Whole life insurance is a type of life insurance coverage that most people do not need. It’s much more expensive than a term life insurance policy, as a term policy remains in effect only for a set period. A permanent or whole life policy is intended to remain in effect indefinitely.
Most people don’t need life insurance forever, as their dependents eventually stop relying on them to earn income. In that case, paying extra premiums to keep coverage active for a person’s whole life doesn’t typically make sense.
However, there is a possible exception to this general rule. People who are wealthy may want to buy a whole life policy. Here’s why.

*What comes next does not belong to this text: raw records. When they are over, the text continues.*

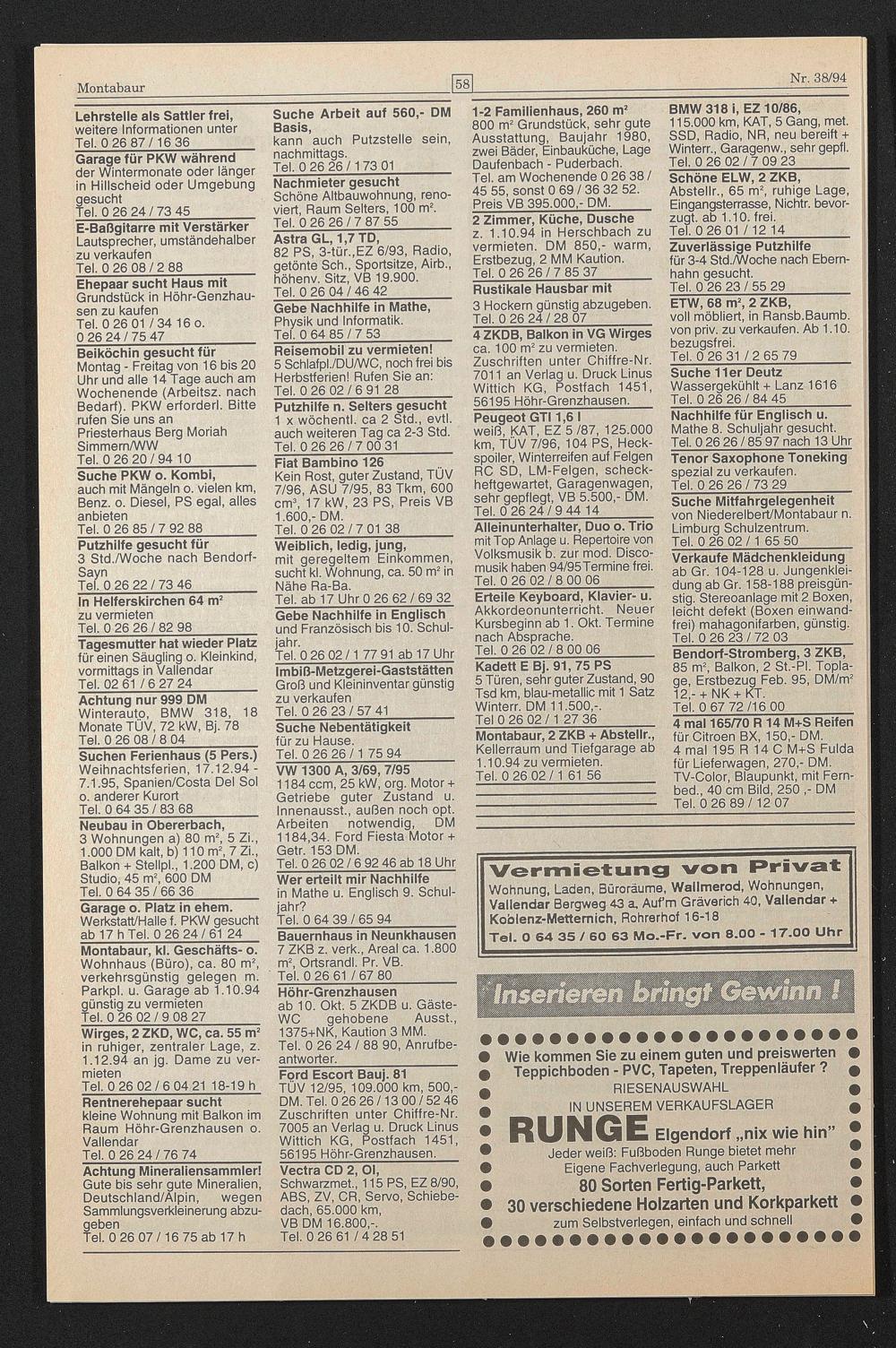 Montabaur, 2 ZKB + Abstellr., Kellerraum und Tiefgarage ab 1.10.94 zu vermieten.
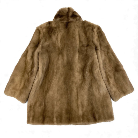 26L1 パステルミンク コート サイズ15号 茶系 本毛皮 ポケット有 MINK FUR COAT リアルファー 裏地刺繍t18r
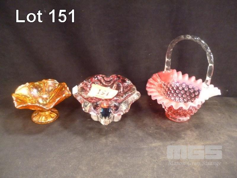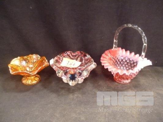 MARIGOLD CARNIVAL GLASS BOWL, EARLY BASKET BOWL & RED/BLUE GLASS ASHTRAY
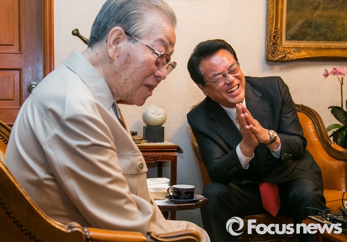 (서울=포커스뉴스) 정진석(오른쪽) 새누리당 원내대표가 10일 오후 서울 중구 김종필 전 총리 자택을 방문해 김 전 총리와 환담을 하고 있다.
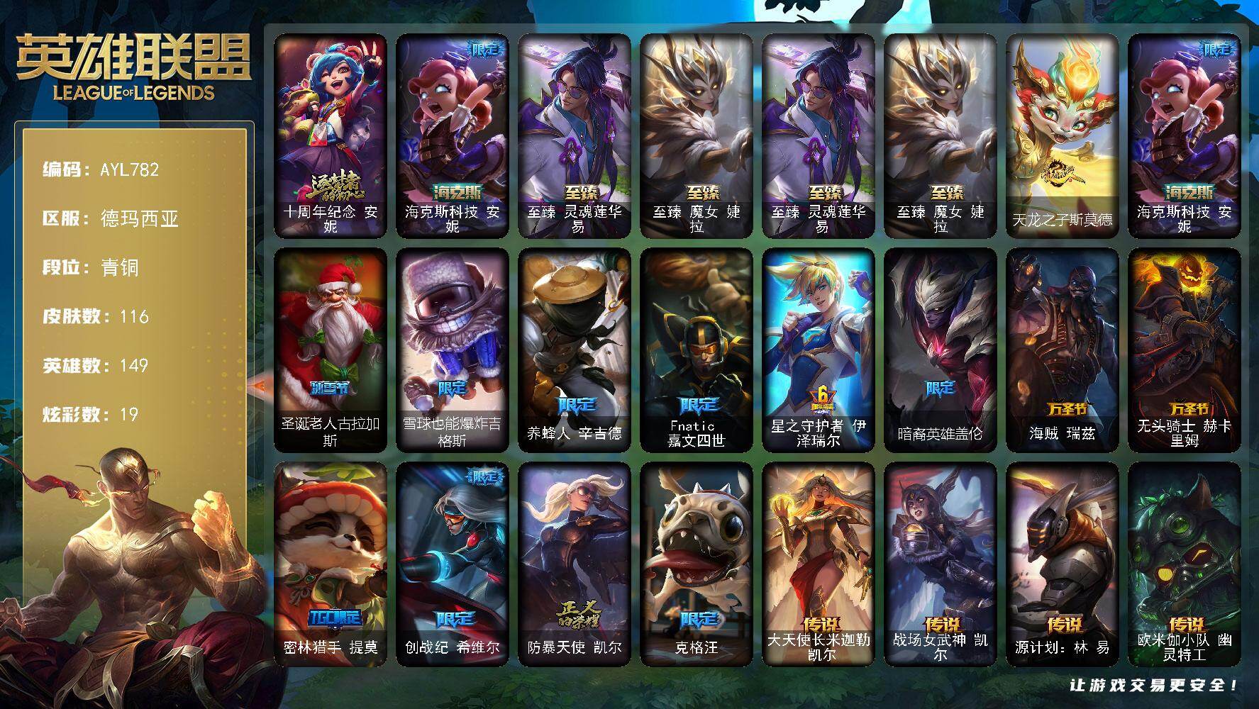 [17255323]青铜段位-149英雄-116皮肤-19炫彩-0终极-4神话-13限定-15传说-23史诗 【神话皮肤】:十周年纪念安妮,海克斯科技安妮,至臻灵魂莲华易,至臻魔女婕拉 【至臻皮肤】:至臻灵魂莲华易,至臻魔女婕拉 【臻彩皮肤】:魔女阿卡丽虚荣 【年限皮肤】:天龙之子斯莫德 【海克斯皮肤】:海克斯科技安妮 【冰雪限定】:圣诞老人古拉加斯,雪球也能爆炸吉格斯 【限定皮肤】:养蜂人辛吉德,Fnatic嘉文四世,星之守护者伊泽瑞尔,暗裔英雄盖伦,海贼瑞兹,无头骑士赫卡里姆,密林猎手提莫,创战纪希维尔,防暴天使凯尔,克格汪 【传说皮肤】:大天使长米迦勒凯尔,战场女武神凯尔,源计划林易,欧米伽小队幽灵特工,烈焰雄心崔丝塔娜,女皇艾希,西部天使艾希,最终BOSS维迦,第三类接触黑默丁格,炼狱魔犬内瑟斯,屠龙勇士潘森,钢铁军团盖伦,星之守护者拉克丝,暗星女王拉克丝,黑夜使者亚索 【史诗皮肤】:摄魂男爵弗拉基米尔,铁血剑豪易,黑帮狂花厄运小姐,紫晶射手艾希,恐惧新星普朗克,抵抗军天使凯特琳,铁血狙击手凯特琳,海贼魅影卡特琳娜,暗星嘉文四世,防弹武僧李青,苍穹之光薇恩,法老王朝内瑟斯,冰川勇者伊泽瑞尔,铁甲雄心盖伦,孤高游侠盖伦,帝王斑蝶克格莫,腥红之月鬼武者慎,钢之逆鳞希瓦娜,银河魔装机神希瓦娜,银河魔装机神菲兹,源计划风亚索,腥红之月亚索,上古战魂雷克塞 【王者皮肤】:五杀摇滚鼓手奥拉夫,星空之门内瑟斯 【勇士皮肤】:亮丽女神希维尔 【其他皮肤1】:探戈灵魂崔斯特,地下都市梦魇崔斯特,弗拉基米尔伯爵,黑潮弗拉基米尔,五杀摇滚女声主唱凯尔,暗影易,星战易,玉剑传说无极,无极执事易,哞利斯塔,原野伐木工赛恩,腥红之月希维尔,约德尔海贼团崔丝塔娜,欧米伽小队魔鬼伞兵,源计划末日沃里克,极地女神艾希,勇敢的心艾希,魔女艾希,勇敢的心泰达米尔,遗迹守护者基兰,机械污染辛吉德,假面女皇伊芙琳,横行霸道图奇,梦魇科加斯,尼斯巨兽科加斯,深海一号卡萨丁,创世之神特朗德尔,铁锈斑斑布里茨,银白枪骑布里茨,珊瑚礁墨菲特,战斗学院卡特琳娜,猛龙雷克顿,鳄霸雷克顿,战地机甲内瑟斯,龙神之力乌迪尔,冒险精神伊泽瑞尔,灵能特工伊泽瑞尔,战神阿瑞斯盖伦,暗影王子玛尔扎哈,未来战士锐雯,极寒慎,奈落之炎慎,宇航员菲兹,地底迷城诺提勒斯,创世之神诺提勒斯,黑潮黛安娜,鬼影森森婕拉,奥德赛亚索,战场BOSS亚索,真实伤
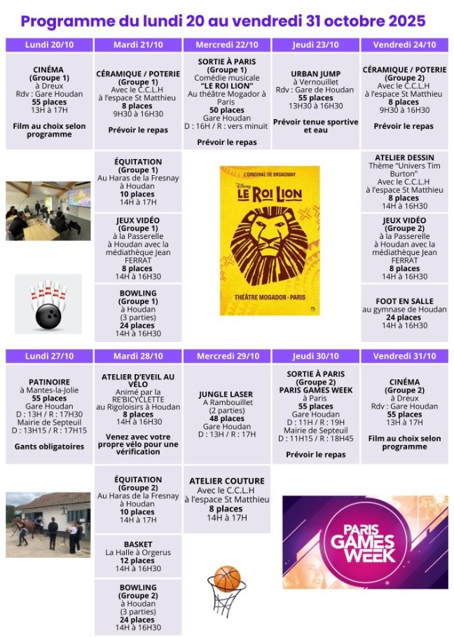 Activités proposées : cinéma, céramique/poterie, équitation, jeux vidéo, bowling, sortie à paris pour aller voir la comédie musicale "le roi lion" et/ou la Paris Game Week, urban jump, atelier dessin, foot en salle, patinoire, atelier d'éveil au vélo, basket, jungle laser, atelier couture...
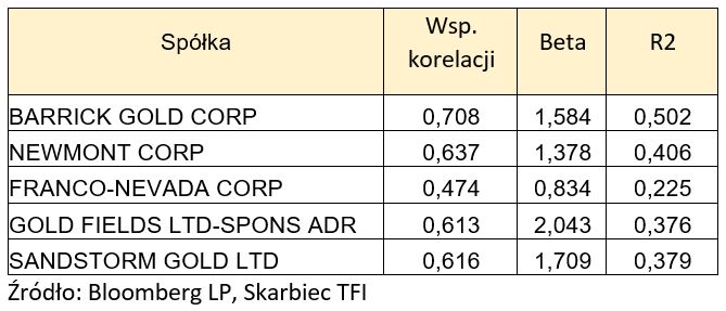 Powyższa tabela przedstawia statystyczne parametry pięciu największych firm wydobywających złoto. Współczynnik korelacji mówi nam, jaka mocno zmiany cen akcji danej spółki są związane z cenami złota. Współczynniki są dodatnie, co dobrze wróży, jednak nie przekraczają 70%. Wskaźnik Beta pokazuje jak zmienia się cena akcji w zależności od jednostkowej zmiany ceny złota. Betą na rynkach posługujemy się często, opisuje siłę związku danego waloru z rynkiem zazwyczaj indeksem giełdowym. W tym wypadku bazą jest rynek kasowy złota. Pomijając jeden przypadek, wszystkie spółki mają wysoką albo bardzo wysoką betę, co oznacza, że ich ceny zmieniają się znacznie bardziej niż ceny złota, także podczas spadków. Trzeci parametr, współczynnik determinacji R2, daje nam podpowiedź o sile związku statystycznego zmian cen akcji tych spółek i złota. Może on przybierać wartości od 0 do 1. Otrzymane w powyższej tabeli wartości nie wskazują na dużą siłę związku. W zasadzie tylko spółka Barrick Gold ma te wskaźniki uzasadniające użycie jej jako substytutu bezpośredniej ekspozycji na złoto.
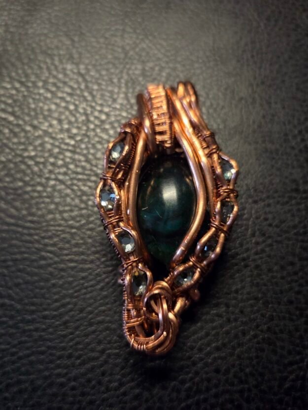 Dark Green Petri Stone and Gray Crystal Pendant In Raw Copper 2 1/2 in (L) X 1 1/4 in (W)
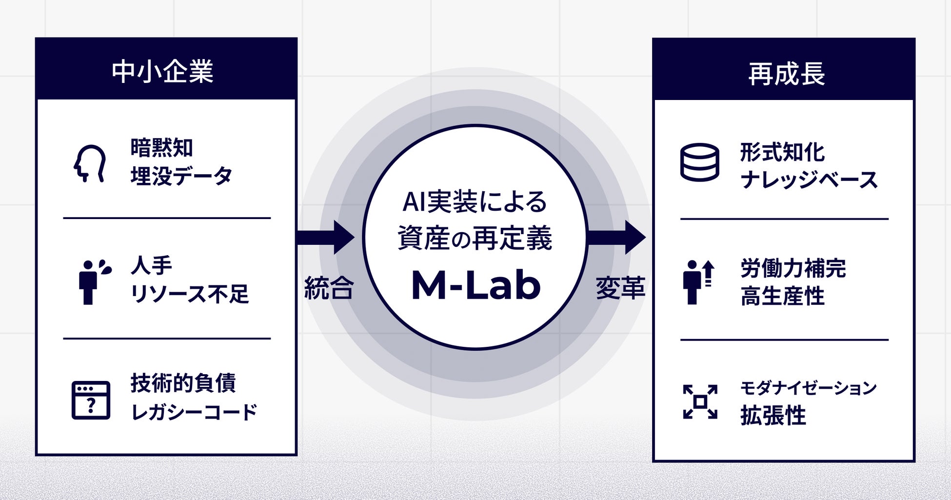 当社は「M-Lab」の設立により、企業が大切に育ててきたソフトウェアをAIによって現代、そして未来に最適化された形へとアップデートします。これまでの歴史に敬意を払いながら、最新テクノロジーを掛け合わせることで資産を次世代へと繋ぐ役割を強化していきます。
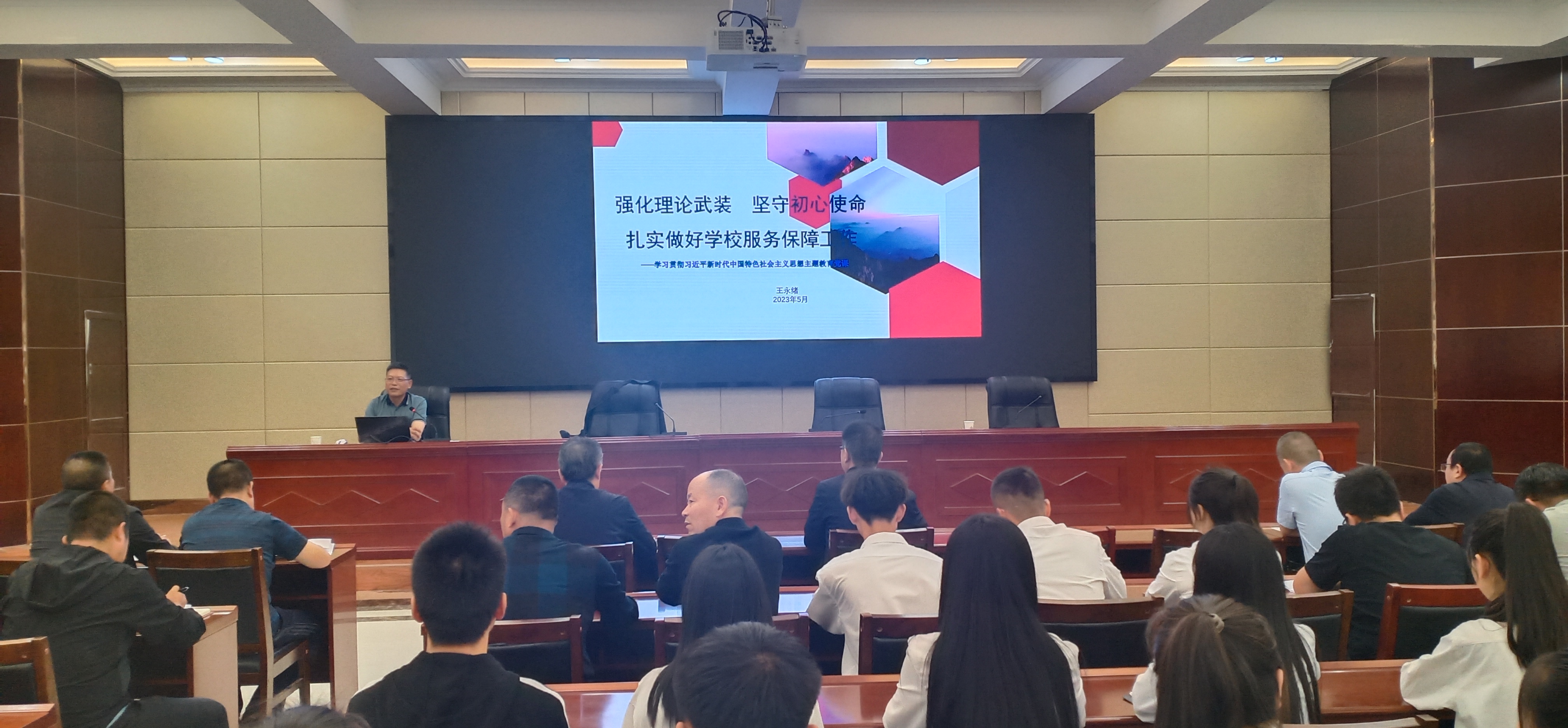 黨課緊緊圍繞學習貫徹習近平新時代中國特色社會主義思想主題教育,從“全面學習貫徹習近平新時代中國特色社會主義思想”“學習貫徹習近平新時代中國特色社會主義思想收獲和體會”“學習貫徹習近平新時代中國特色社會主義思想,扎實推動服務保障工作再提升”等三個方面對學校后勤服務保障工作提出了新要求。
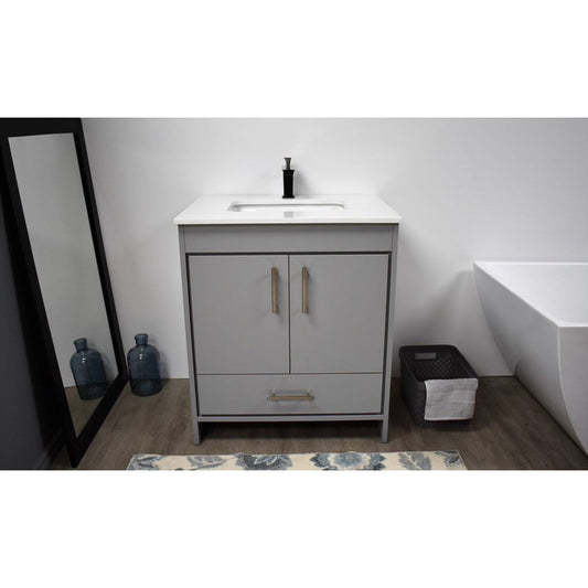 Volpa USA Capri 30" x 22" Gray Freestanding Modern Bathroom Vanity With Preinstalled Undermount Sink And White Microstone Top With Brushed Nickel Edge Handles
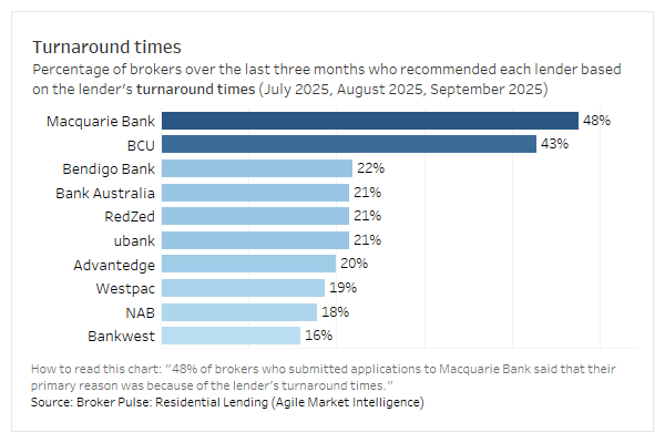 - 48% of brokers who submitted applications to Macquarie Bank did so due to their turnaround time.
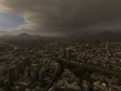 ▲智利首都在热浪中被森林大火产生的烟雾呛到。
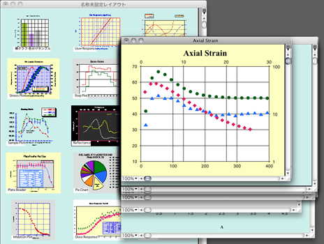 「KaleidaGraphレイアウト」で保存した場合は、プロットファイルは格納されません。これを開くと空のポジションのみが表示されます。グラフを追加するには、配置したすべてのプロットを開く必要があります。
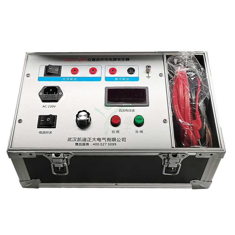 KDZD-20A 交直流開關(guān)電源發(fā)生器亦稱高壓開關(guān)檢測操作電源,是為對高壓斷路器及其操作機構(gòu)進行檢測維修而設(shè)計的專用電源,具有電壓可調(diào)、操作簡單、體積小、攜帶方便等優(yōu)點,是高壓開關(guān)檢修不可缺少的檢測工具。
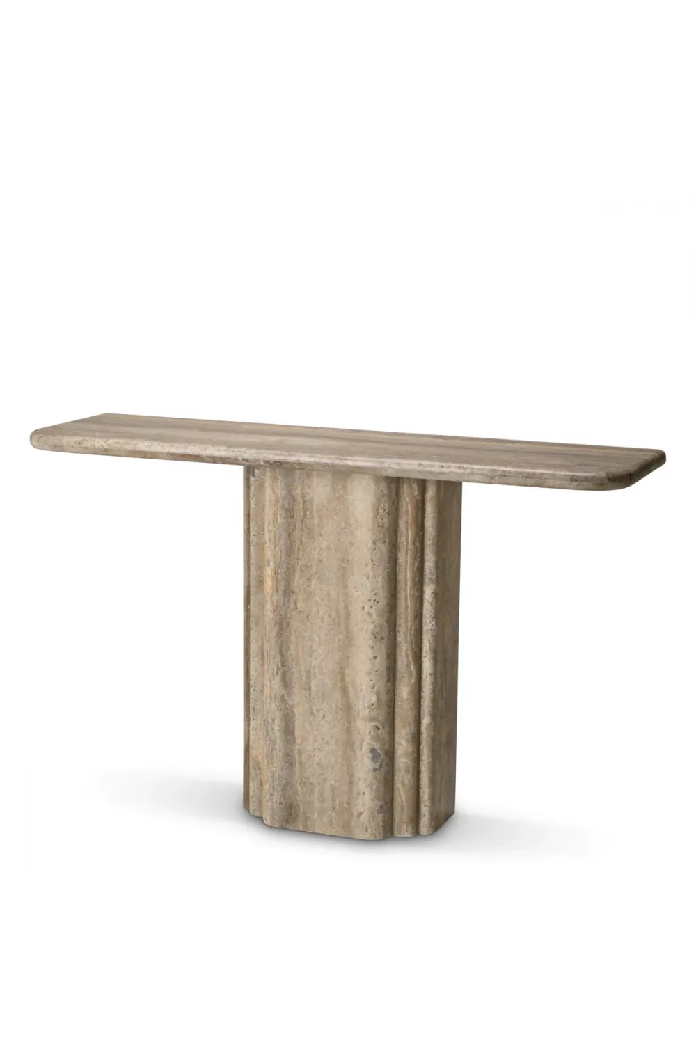 The cool-toned travertine surface exudes a sense of calm and serenity, while the sleek, minimalist silhouette adds an element of contemporary refinement. Expertly finished to perfection, the console’s edges and proportions emphasize modern geometry, creating a striking visual harmony between natural texture and clean design.

This is the benefit of a whole life policy for wealthy Americans
For many rich people, it makes sense to purchase whole life insurance, because this kind of policy can provide a death benefit to loved ones that is generally tax free. And this money can be used to pay estate or inheritance taxes, so that other estate assets do not have to be liquidated to cover this cost.
On the federal level, there is an estate tax charged on larger estates. The estate itself pays this tax. Some states also impose their own inheritance taxes on heirs and/or estate taxes on the estate as well.
The tax bill on larger estates can often be substantial. And if there are not enough liquid assets in the estate, then it could become necessary to sell property to cover the costs.
Say, for example, a wealthy person leaves a large home to a loved one that is valued at several million dollars, alongside other transferred assets. If estate taxes or inheritance taxes have to be paid, the bill could run to hundreds of thousands of dollars. If, further, there isn’t other money in the estate that could be used to pay these taxes, then surviving family members might have to sell the home (or mortgage it) to get the money to pay the taxes that are due.
A whole life policy could provide access to a source of funds that is very liquid, and that can be used just to cover required tax costs. When the insurer cuts a check for the death benefit, this money could then be used to pay the estate tax or inheritance taxes, ensuring no other assets need be sold and the estate can remain intact.
Since the need to avoid a big tax bill would most likely not ever go away for wealthy people with substantial assets, a death benefit would always be needed to cover these taxes. This means a term life policy that offers protection only for a limited number of years might not be the best choice. Permanent life insurance that’s always there to pay the tax bill would be a better bet.
Is buying a whole life policy a smart idea?
There are many different estate planning techniques wealthy people can use to try to minimize taxes and keep their estate intact. Buying a whole life policy is just one of the different approaches a person could use to shield their wealth from the government.
But since it is simple and easy, and since the premiums on a whole life policy should be affordable for those with higher incomes or more assets, buying a whole life plan is worth looking into.